Segment Start: Provided records

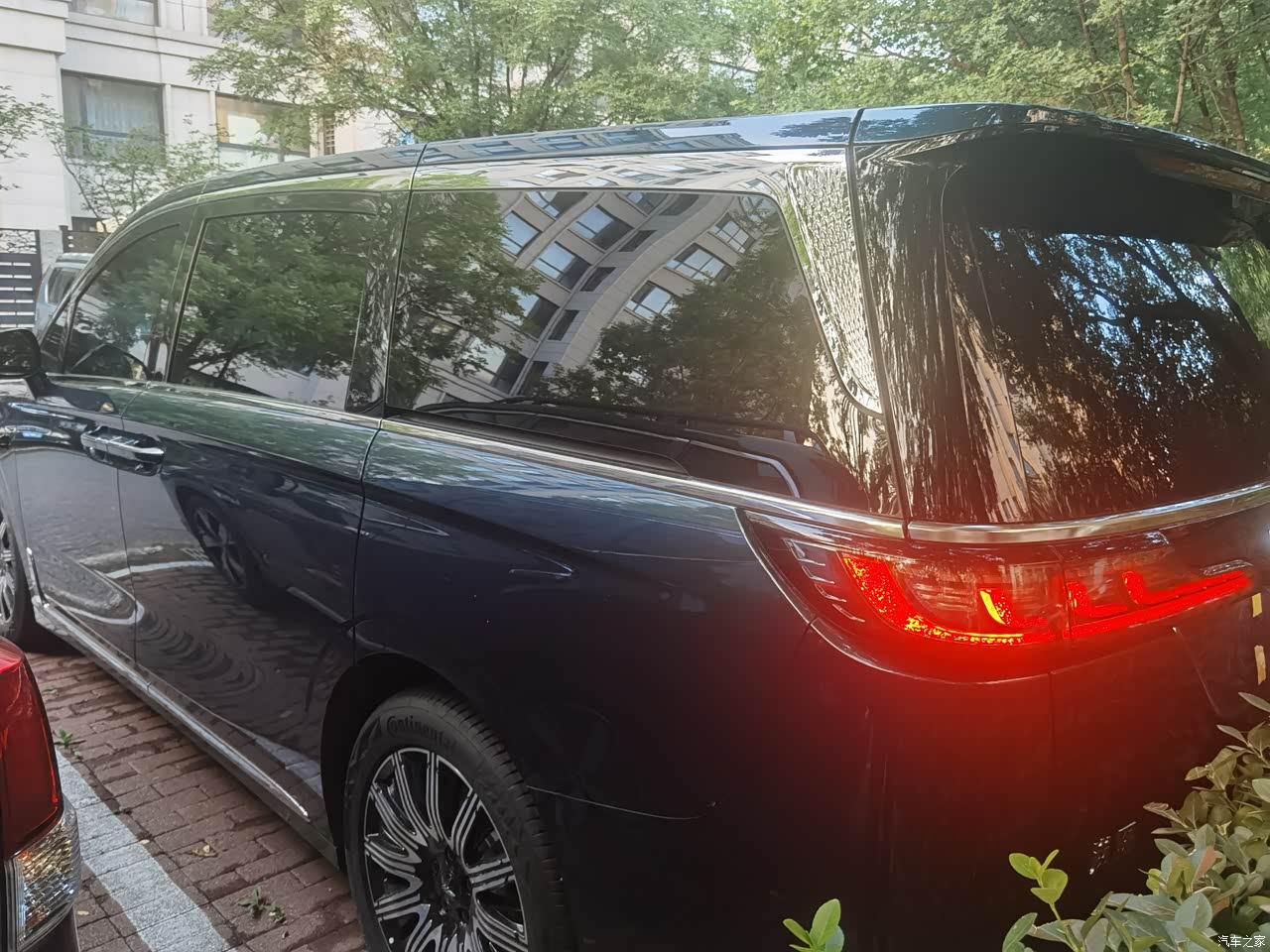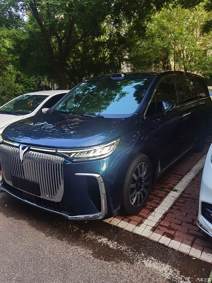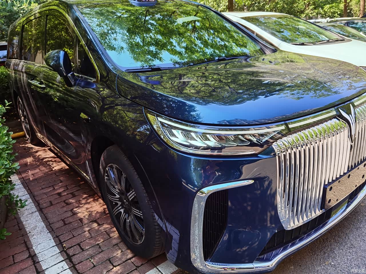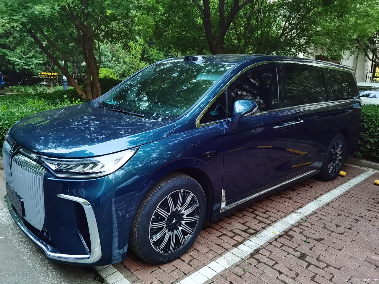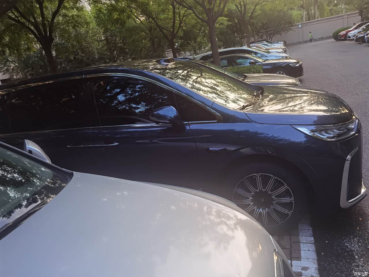 辉月青的车漆在不同光线下变化特别丰富,大太阳底下泛着金属质感的蓝色,阴天的时候又显得深邃雅黑,商务场合开出去特别有气场。车身线条硬朗,直瀑式镀铬格栅和贯穿式灯带,老远就能认出这是岚图梦想家。20英寸的星芒轮毂,亮面和哑光双色设计很时尚,车尾的鲲鹏展翅尾灯组,点亮后辨识度极高,不过辉月青色车身确实不耐脏,下完雨车身全是水渍,得经常洗车。我现在基本每月都要洗两次,不然看着特别难受。而且车漆挺薄的,稍微轻微剐蹭就露出来底漆。
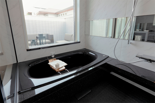 外からの視線を遮るバルコニーで、開放的なバスルーム。寒い季節も適温に保ち、ヒートショックも低減。
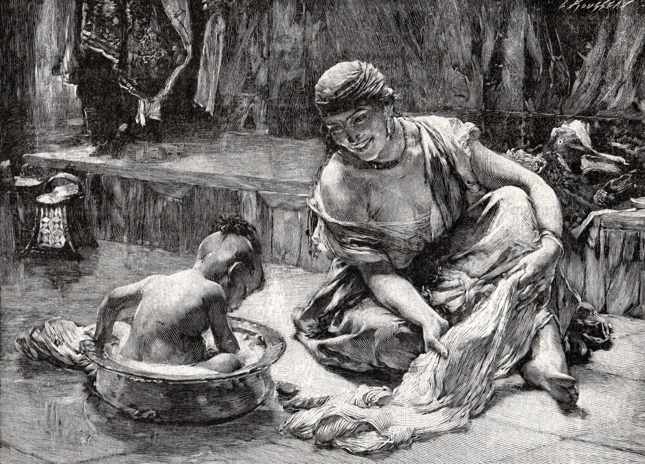 afrique du nord · bain · bath · cleanness · famille · family · higyene · maternite · motherhood · north africa · proprete · / Bridgeman Images |
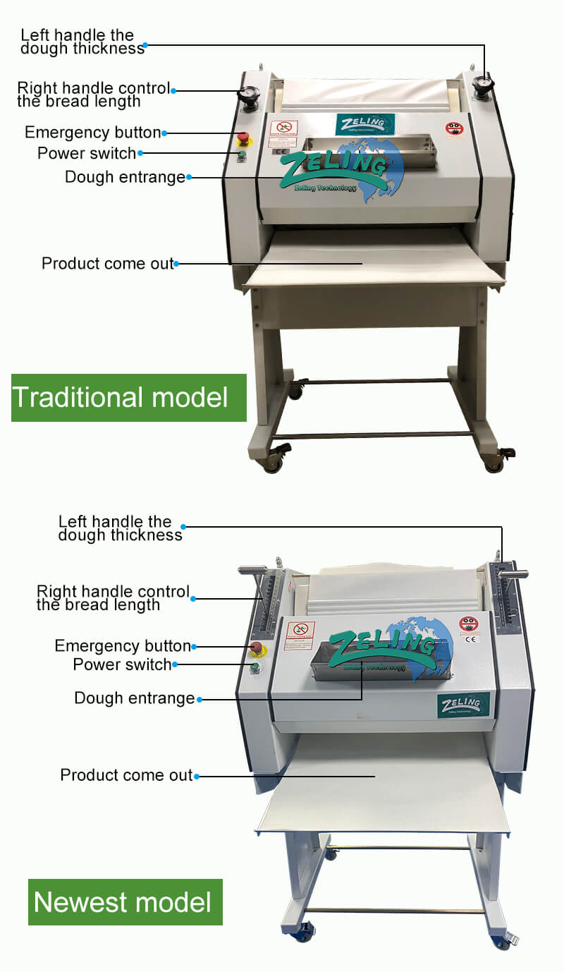 Baguette moulder could moulding french long bread in a few seconds, product diameter and length are adjustable by regulate the regulators. The machine can produce volumes layer and rub long bread rolls training for small bakeries produce baguettes and other long breads multi-function molding equipment. Suit for various bread roll production like bread,toast,baguette,hotdog etc.
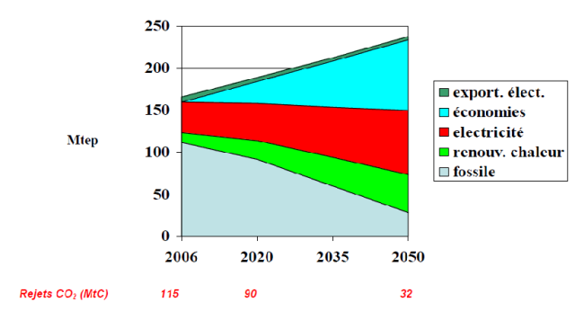 Ce scénario intègre un très fort développement des énergies renouvelables pour la production d’électricité (de 0,8 à 4,1 Mtep), dans un contexte de maintien de la part du nucléaire autour de 75% de la production électrique, ce qui suppose le remplacement progressif des centrales actuelles par des EPR ( 2ou 3 projets après celui de Flamanville à lancer d’ici 2020).
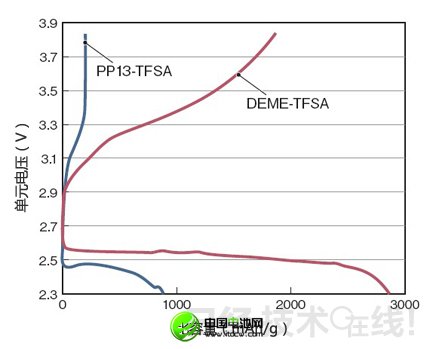 在本届电池研讨会上,丰田宣布通过在锂空气电池的电解液溶剂中采用离子液体N,N─二乙基─N─甲基─N─甲氧基铵双三氟甲基磺酰胺(DEME-TFSA),可实现与有机溶剂相当的容量(图11)注6)。
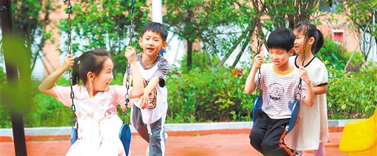 ▼5月19日,江西省横峰县兴安街道城北社区,孩子们在荡秋千。横峰县通过对老旧小区进行改造,让居民在家门口享受高品质的生活环境。

Segment End: Provided records

## Task statement
Reproduce every record above word for word. Leave the pictures out.

## Your response
 辉月青的车漆在不同光线下变化特别丰富,大太阳底下泛着金属质感的蓝色,阴天的时候又显得深邃雅黑,商务场合开出去特别有气场。车身线条硬朗,直瀑式镀铬格栅和贯穿式灯带,老远就能认出这是岚图梦想家。20英寸的星芒轮毂,亮面和哑光双色设计很时尚,车尾的鲲鹏展翅尾灯组,点亮后辨识度极高,不过辉月青色车身确实不耐脏,下完雨车身全是水渍,得经常洗车。我现在基本每月都要洗两次,不然看着特别难受。而且车漆挺薄的,稍微轻微剐蹭就露出来底漆。
 外からの視線を遮るバルコニーで、開放的なバスルーム。寒い季節も適温に保ち、ヒートショックも低減。
 afrique du nord · bain · bath · cleanness · famille · family · higyene · maternite · motherhood · north africa · proprete · / Bridgeman Images |
 Baguette moulder could moulding french long bread in a few seconds, product diameter and length are adjustable by regulate the regulators. The machine can produce volumes layer and rub long bread rolls training for small bakeries produce baguettes and other long breads multi-function molding equipment. Suit for various bread roll production like bread,toast,baguette,hotdog etc.
 Ce scénario intègre un très fort développement des énergies renouvelables pour la production d’électricité (de 0,8 à 4,1 Mtep), dans un contexte de maintien de la part du nucléaire autour de 75% de la production électrique, ce qui suppose le remplacement progressif des centrales actuelles par des EPR ( 2ou 3 projets après celui de Flamanville à lancer d’ici 2020).
 在本届电池研讨会上,丰田宣布通过在锂空气电池的电解液溶剂中采用离子液体N,N─二乙基─N─甲基─N─甲氧基铵双三氟甲基磺酰胺(DEME-TFSA),可实现与有机溶剂相当的容量(图11)注6)。
 ▼5月19日,江西省横峰县兴安街道城北社区,孩子们在荡秋千。横峰县通过对老旧小区进行改造,让居民在家门口享受高品质的生活环境。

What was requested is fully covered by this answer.